Canadian Prime Minister Stephen Harper, the first Western leader to face the electorate since the financial meltdown began, won re-election with a significantly stronger minority government yesterday.
The Conservatives, who convinced voters they were the best choice to steer Canada through the economic turmoil, will still need opposition support to govern.
It will be Canada's third minority government in four years. Mr Harper's Conservatives defeated a Liberal minority government in the January 2006 election.
Initial results showed that the Conservatives won 38 per cent of the vote, above the 36.3 pe rcent they got in 2006. But vote splitting on the left left the party in a much stronger position.
Initial television projections gave the Conservatives 144 of Parliament's 308 seats, up from the 127 they held before the election but 11 short of the 155 needed for a majority.
The opposition Liberals were at 77, down from 95, the separatist Bloc Quebecois were steady at 48 seats and the leftist New Democrats were up seven to 37 seats. Independents took two seats and the Greens won none.
"We were expecting a minority government. It looks like it will be a strengthened one. We're going to get right back to work - that's what people expect us to do," Health Minister Tony Clement told Global Television.
The Liberals, who have historically governed Canada for longer than any other party, looked set for their worst performance since 1984 in terms of seats and their worst showing in popular vote since the 1860s. The rout could trigger a battle within the party to replace leader Stephane Dion.
However, he gave no suggestion he would go willingly.
"Canadians are asking me to be the leader of the opposition, and I accept that responsibility with honor," he told his supporters in Montreal in conceding defeat.
The Conservative leader ran on a modest platform of keeping taxes and spending under control. The Liberals proposed introducing a carbon tax while cutting income taxes and boosting social spending, and Mr Harper said the Liberal plan would throw Canada into recession.
Liberal leader Dion, a bookish francophone who sometimes makes mistakes in English, found it a hard sell at a time of relatively high energy prices to pitch his carbon tax plan.
"I think my party failed to deliver a real cogent response to the economic and financial crisis," said defeated Liberal legislator Garth Turner.
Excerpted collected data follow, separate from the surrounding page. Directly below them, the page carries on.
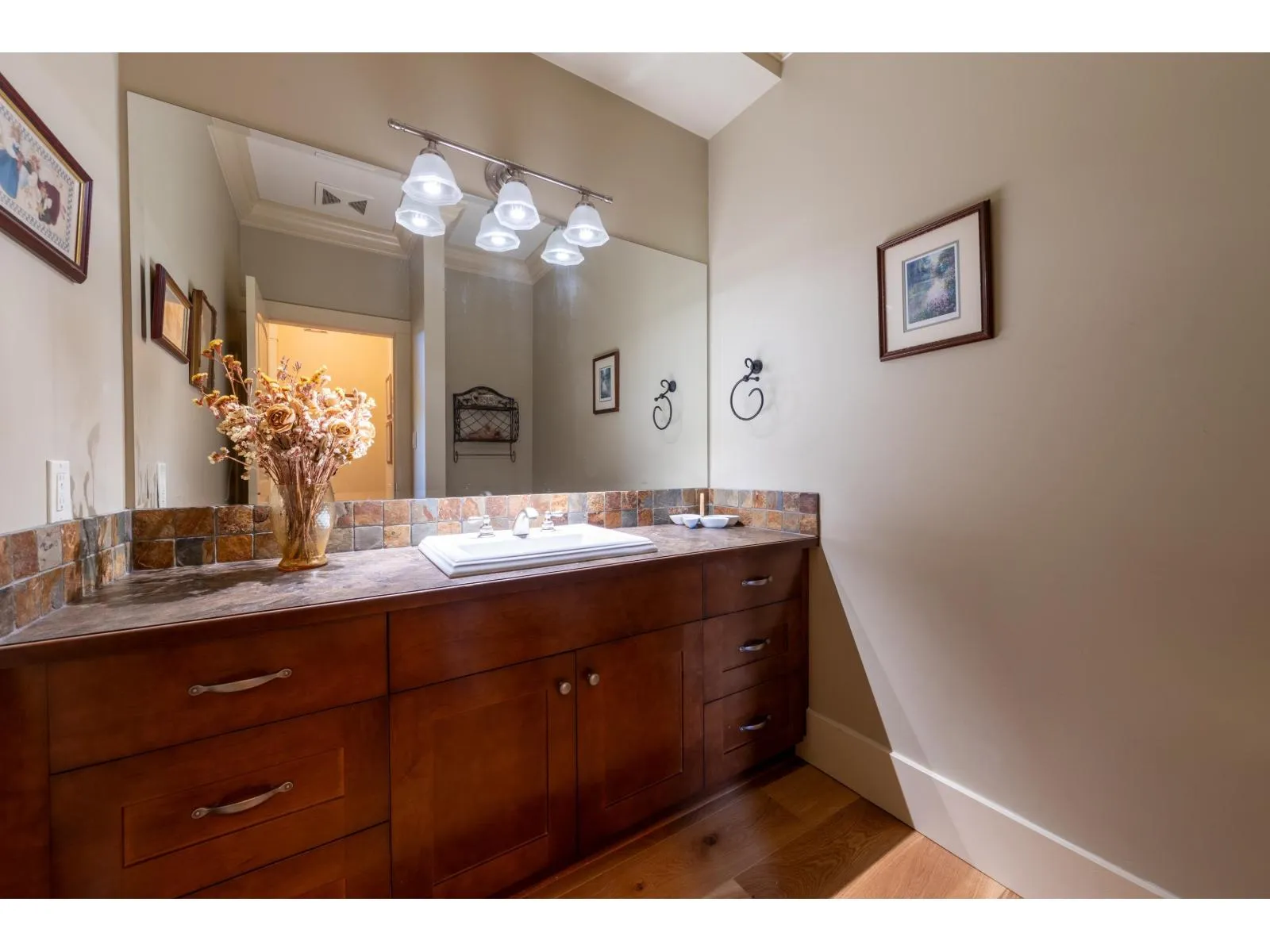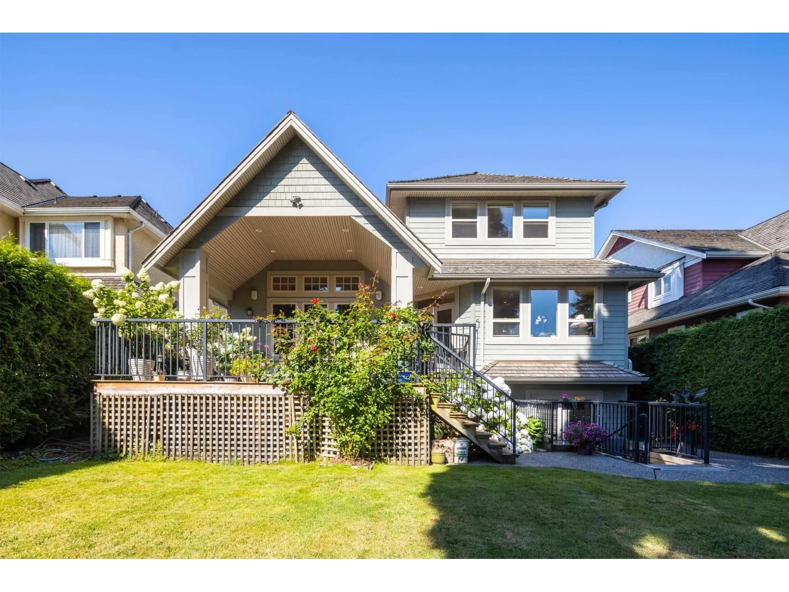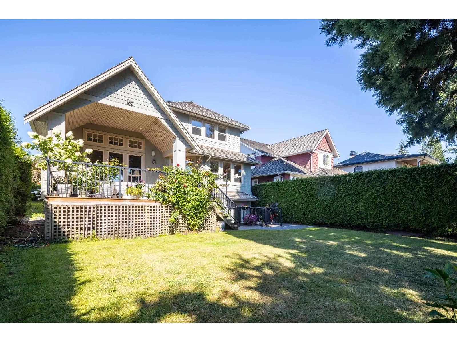 Custom built home offered in a quiet setting between Ironwood & Morgan Creek areas. Solid built a 2 storey home with a partial walkout basement, offers great natural light in the basement area(1 bdrm unauthorized rental suite with separated entry). Main floor is a Great Room plan with high ceilings and open to the kitchen & living areas, hardwood floors, 9' ceilings. Spacious kitchen with large island & counter seating area, granite counters & backsplash, walk-in pantry. Covered rear wood 19'x20' deck area overlooks private east facing back yard & ideal outdoor living area. A very warm comfortable home, ideal for families with lots of space inside & out. Home is in excellent condition, shows very well. Quiet no thru street. (id:27476)
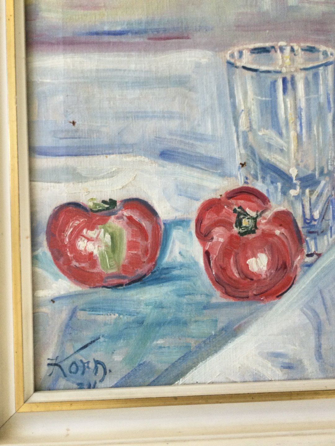 Text zugänglich auf Dänische: Maleri af H.J. Korn - Opstilling med blomstervase samt frugt 1934,
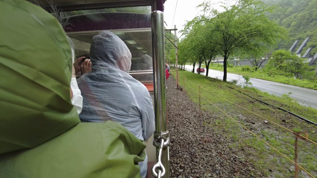 夫は「トロッコがいい。トロッコに乗りたい。醍醐味を味わわないと!」とオープン席のトロッコ車両で楽しくビデオ撮影していたようです(笑)
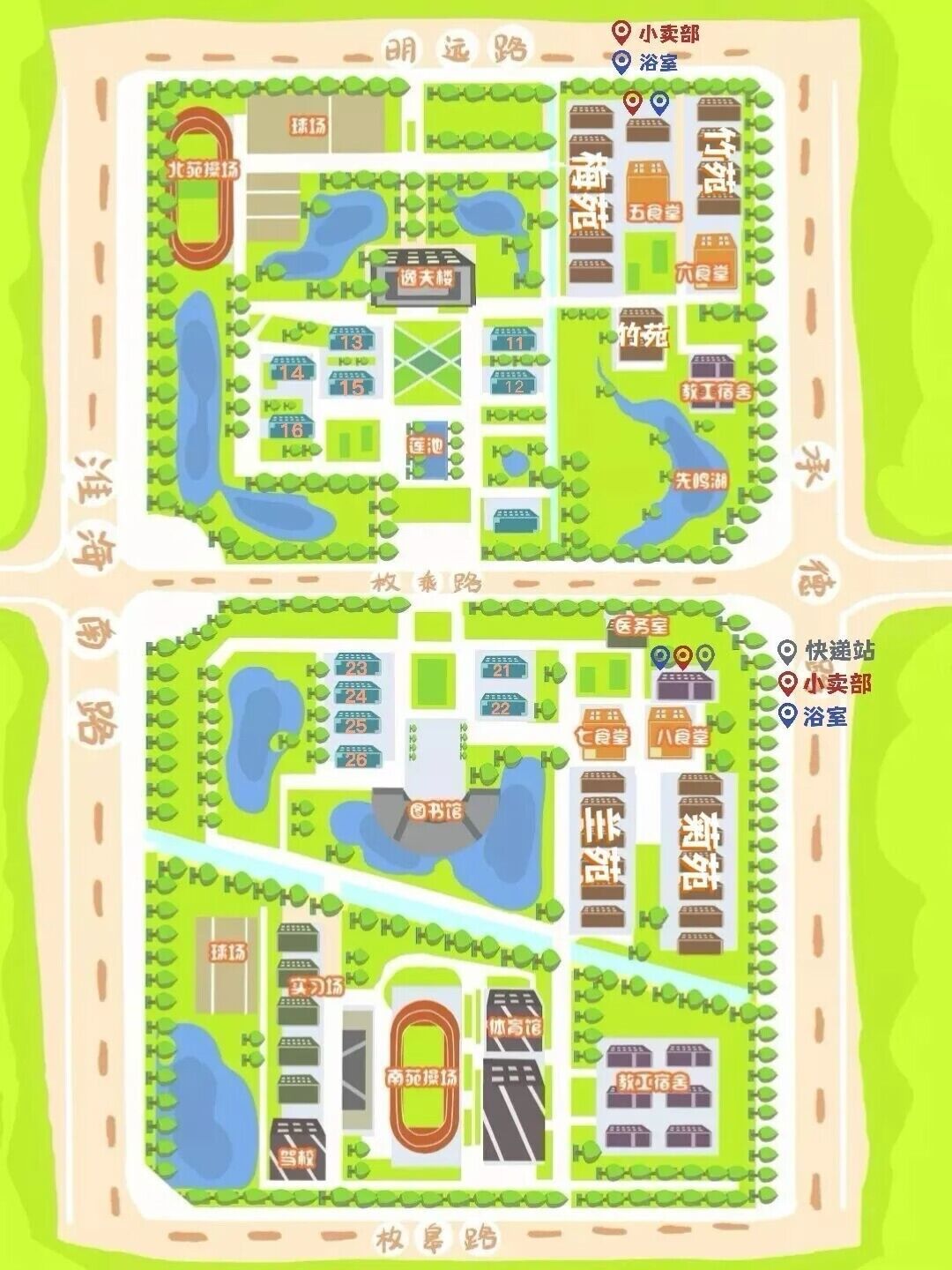 菜鸟驿站:北苑在五食堂后。南苑在八食堂后。
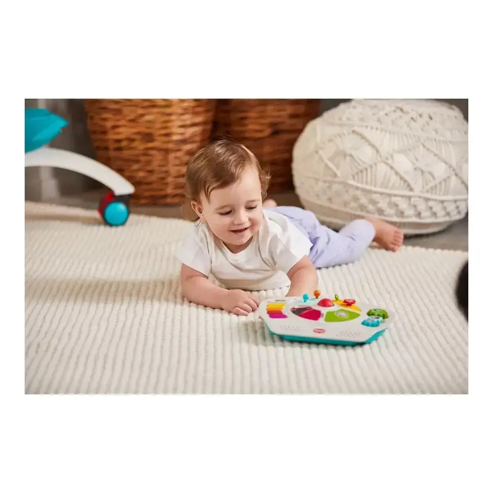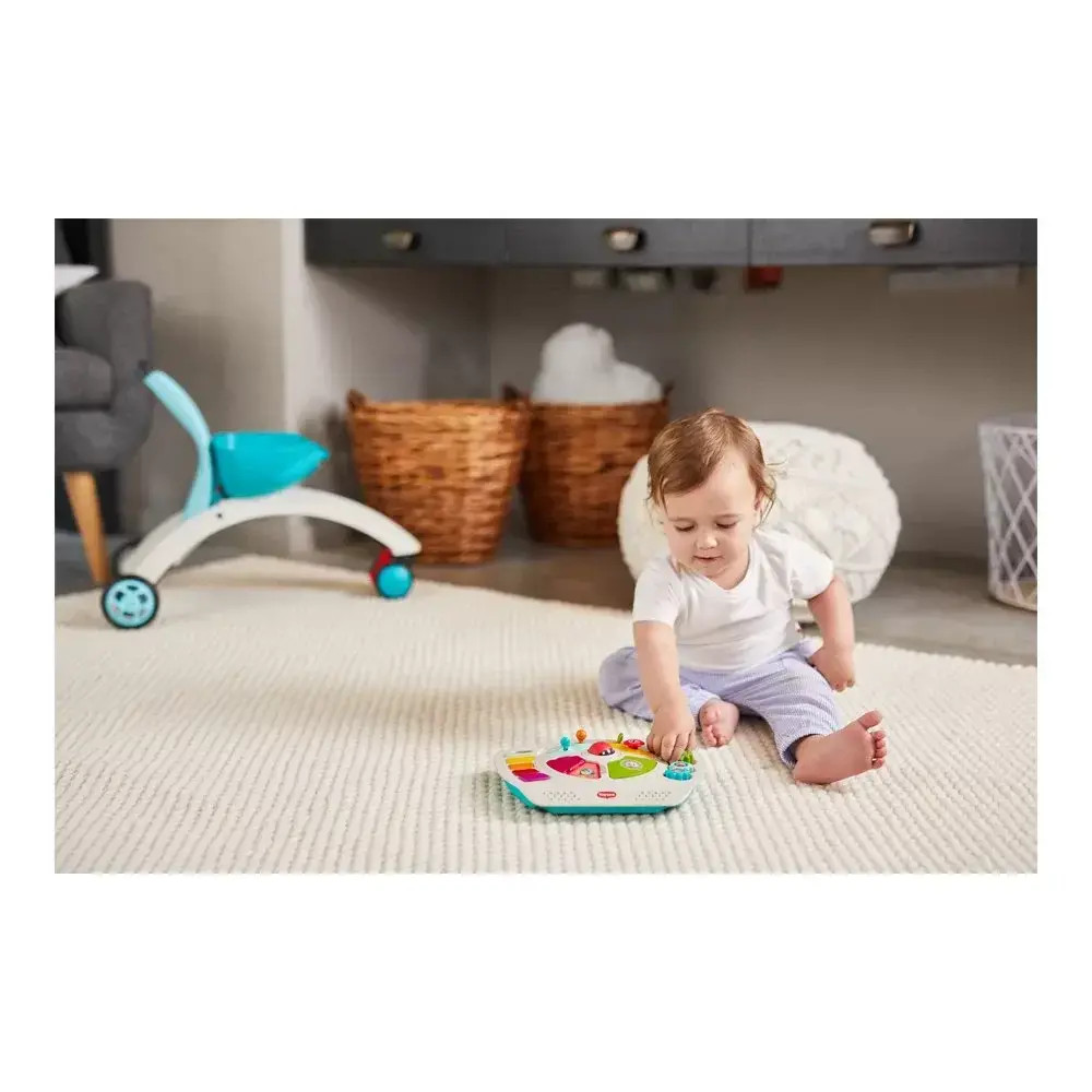 - 6 месеца + Игра в седнала позиция - Бебето ще се наслаждава на цветния електронен панел и всички негови функционалности, които насърчават фините двигателни умения и когнитивното развитие – светлини, мелодии, въртящо се топче с мъниста, елемент повдигни и намери, безопасно огледалце, разнообразни цветни бутони;

Dion started to cut into Mr Harper's lead during the campaign as he charged the prime minister, a former economist who is also fairly wooden, was not doing enough to prevent financial contagion from spreading into Canada.
But the Conservative lead over the Liberals widened again in parallel with specific action taken to improve Canadian bank liquidity. Mr Harper had the added benefit that markets and the Canadian dollar rebounded on Election Day.